General information
- Location: Tweedsmuir, Scottish Borders Scotland
- Coordinates: 55°29′33″N 3°24′54″W﻿ / ﻿55.4926°N 3.4149°W
- Grid reference: NT107230
- Platforms: 1

Other information
- Status: Disused

History
- Original company: North British Railway

Key dates
- 1897: Opened
- 1905: Closed

Location

= Victoria Lodge railway station =

Disused railway station in Tweedsmuir, Scottish Borders

Victoria Lodge railway station served the village of Tweedsmuir, Scottish Borders, Scotland from 1897 to 1905 on the Symington, Biggar and Broughton Railway and the Talla Railway.

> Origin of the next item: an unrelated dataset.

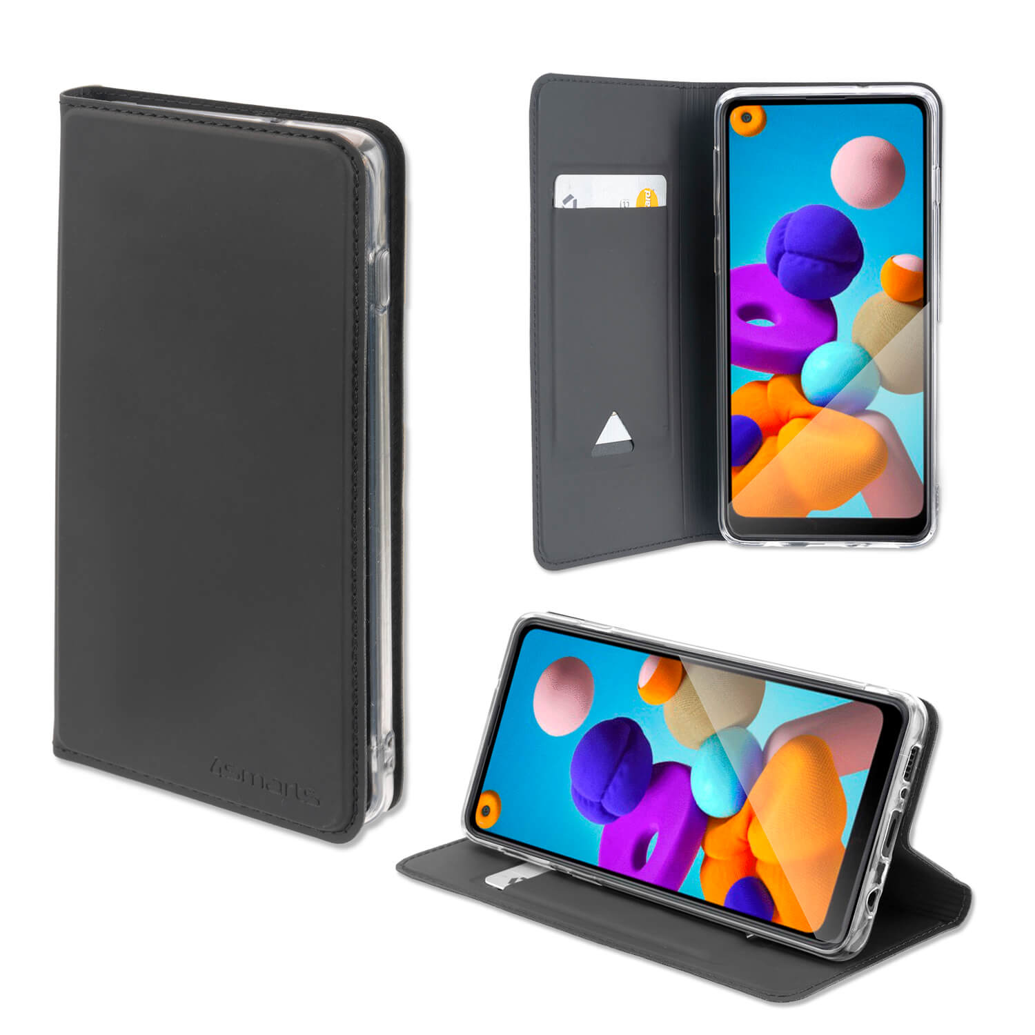 4smarts Flip Case URBAN Lite - кожен калъф с поставка и отделение за кр. карта за Samsung Galaxy A21s (черен)

The station was close to Victoria Lodge, a B-Listed house that was owned by the Trustees of the Edinburgh Water Company, built 1900.

== History ==
The station opened in 1897 by the North British Railway. To the west was Talla Water which was served by various sidings. In its last year of life on 28 September, two special trains ran to the station. It closed later in the same year.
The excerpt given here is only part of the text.